You are viewing a plain text version of this content. The canonical link for it is here.
Posted to dev@forrest.apache.org by je...@apache.org on 2003/01/04 17:48:58 UTC

cvs commit: xml-forrest/src/resources/conf sitemap.xmap

jefft       2003/01/04 08:48:58

  Modified:    src/resources/conf sitemap.xmap
  Log:
  Don't let JTidy munge HTML files by default
  
  Revision  Changes    Path
  1.50      +5 -1      xml-forrest/src/resources/conf/sitemap.xmap
  
  Index: sitemap.xmap
  ===================================================================
  RCS file: /home/cvs/xml-forrest/src/resources/conf/sitemap.xmap,v
  retrieving revision 1.49
  retrieving revision 1.50
  diff -u -r1.49 -r1.50
  --- sitemap.xmap	28 Dec 2002 15:23:46 -0000	1.49
  +++ sitemap.xmap	4 Jan 2003 16:48:58 -0000	1.50
  @@ -370,9 +370,13 @@
       <map:act type="resource-exists">
        <map:parameter name="url" value="content/{1}"/>
   
  -      <map:match pattern="**.html">
  +     <map:match pattern="**.html">
  +       <!--
  +        Use these instead if you want JTidy to clean up your HTML
           <map:generate type="html" src="content/{1}.html"/>      
           <map:serialize type="html"/>
  +        -->
  +        <map:read src="content/{0}" mime-type="text/html"/>
         </map:match>
   
         <map:match pattern="**.xml">
  
  
  

Re: Crawling inadequate (Re: cvs commit: xml-forrest/src/resources/conf sitemap.xmap)

Posted by Nicola Ken Barozzi <ni...@apache.org>.
Jeff Turner wrote:
> On Sat, Jan 04, 2003 at 10:21:18PM +0100, Nicola Ken Barozzi wrote:
> 
>>I'd prefer if this is reverted, since it breaks the link crawling in 
>>html files.
> 
> 
> Reverted..
> 
> 
>>A html file can be given in three ways:
>>
>> 1 - crawled and tidied
>> 2 - read as-is (and not crawled)
>> 3 - included in the page framing
>>
>>Actually these mix concerns, which in fact are:
>>
>> 1a - crawl
>> 2a - don't crawl
>>
>> 1b - passthrough as-is
>> 2b - tidy
>> 3b - include in the page framing
>>
>>
>>For the crawling, I actually don't know what is better to do, nor if it 
>>should be a concern at all. As in the web version all links work, so 
>>should be for the CLI version.
> 
> 
> I think we're between a rock and a hard place here.
> 
> Imagine if we have:
> 
> src/documentation/content/a.pdf
> src/documentation/content/b.pdf
> 
> Where a.pdf has an internal link to b.pdf.  That link is traversable for
> webapp users, but won't be copied by the CLI, unless we implement a PDF
> parser.
> 
> We have the same problem with images specified in CSS.
> 
> Conclusion: crawling is inadequate as a means of discovering the full URI
> space.  Users will always be adding new formats for which we don't have a
> parser.  Even known formats like PDF might be password-protected, and
> therefore unparseable.
> 
> Only solution I see to simply copy src/documentation/content/{* - xdocs}
> across.

Since the rule is: "if it's there verbatim, give as-is", and "user and 
destination URI spaces should match as possible", this is doable correct.

> It would immediately solve 3 problems:
> 
>  - Images in CSS would work
>  - HTML wouldn't be munged by JTidy
>  - Javadocs wouldn't be copied one by one

Yes.
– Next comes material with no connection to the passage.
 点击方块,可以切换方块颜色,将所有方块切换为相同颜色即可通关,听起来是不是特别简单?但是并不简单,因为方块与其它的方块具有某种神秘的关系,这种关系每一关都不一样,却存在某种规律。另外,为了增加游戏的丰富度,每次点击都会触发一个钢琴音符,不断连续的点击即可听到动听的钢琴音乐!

Crawling is stupid for non-Cocoon generated resources. Having them 
necessarily re-generated by Cocoon just to be crawled is not nice nore 
practical.

> Two ways this could be implemented:
> 
> 1) The Right Way
> 
>  In the CLI, 'invert' the sitemap, discover all non-XML (unparseable)
>  files in src/documentation/content/, and copy them across.
> 
> 2) The Quick Way
> 
>  Since we know that only content/xdocs contains parseable sources, simply
>  copy everything else across with Ant.  Can be implemented with 5 lines
>  in forrest.build.xml
> 
> Any other ways?

go for 2) as a temporary solution.

Note that this has nothing to do with "site:", as I've tried to explain.
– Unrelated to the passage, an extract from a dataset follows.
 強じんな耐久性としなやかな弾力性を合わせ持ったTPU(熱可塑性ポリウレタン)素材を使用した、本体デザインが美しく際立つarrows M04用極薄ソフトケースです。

>>For the second section, it's IMHO something related to the content of 
>>the file, not the link.
>>That is, if a file should be rendered with 1b, 2b, 3b, can be known from 
>>how the content is created. The hint can be put in the extension:
>>
>> 1b - .html
>> 2b - .xhtml
>> 3b - .ihtml
> 
> 
> Do you mean, use resource-exists to check if each of these types exist,
> and if so, interpret its contents appropriately?
> 
> That still doesn't solve the problem where the user has non-wellformed
> HTML, with a link that we need to traverse, which is an instance of the
> more general problem described above.

Correct, it's another problem. It's about deciding how to show the html, 
if verbatim, included in the page with header and sidebar, or cleaned.
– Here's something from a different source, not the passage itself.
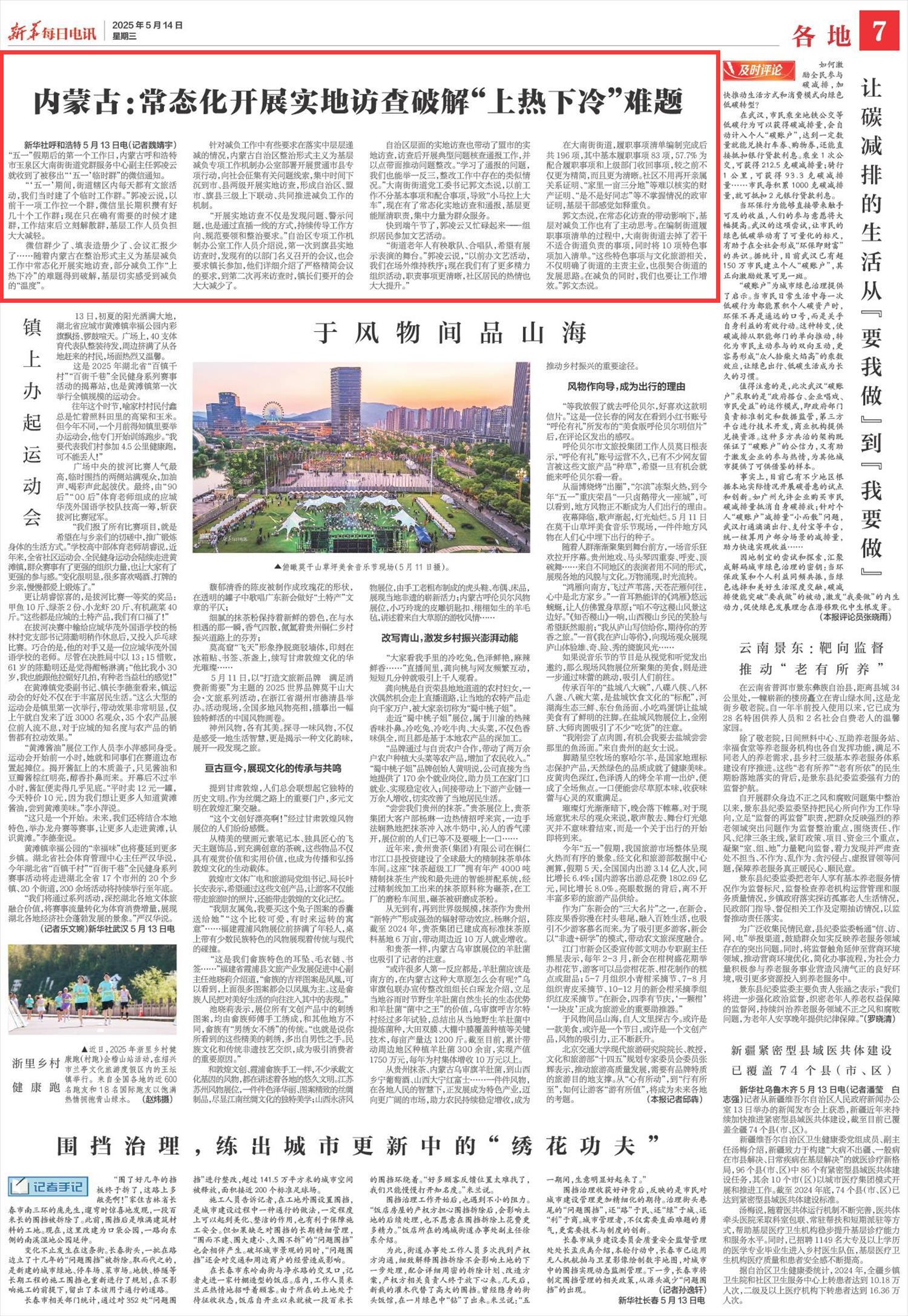 2025年5月14日《新華每日電訊》第7版刊發(fā)了《內(nèi)蒙古:常態(tài)化開展實(shí)地訪查破解“上熱下冷”難題》的文章,報(bào)道了內(nèi)蒙古自治區(qū)整治形式主義為基層減負(fù)專項(xiàng)工作機(jī)制辦公室部署開展貫通市縣專項(xiàng)行動(dòng),向社會(huì)征集有關(guān)問題線索,集中時(shí)間下沉到市、縣兩級(jí)開展實(shí)地訪查,形成自治區(qū)、盟市、旗縣三級(jí)上下聯(lián)動(dòng)、共同推進(jìn)減負(fù)工作的機(jī)制。

This info is a metadata about the file, as the DTD of xml files is. But 
since we don't have metadata, we can use the extension as a poor-man's 
metadata.

-- 
Nicola Ken Barozzi                   nicolaken@apache.org
             - verba volant, scripta manent -
    (discussions get forgotten, just code remains)
---------------------------------------------------------------------


Crawling inadequate (Re: cvs commit: xml-forrest/src/resources/conf sitemap.xmap)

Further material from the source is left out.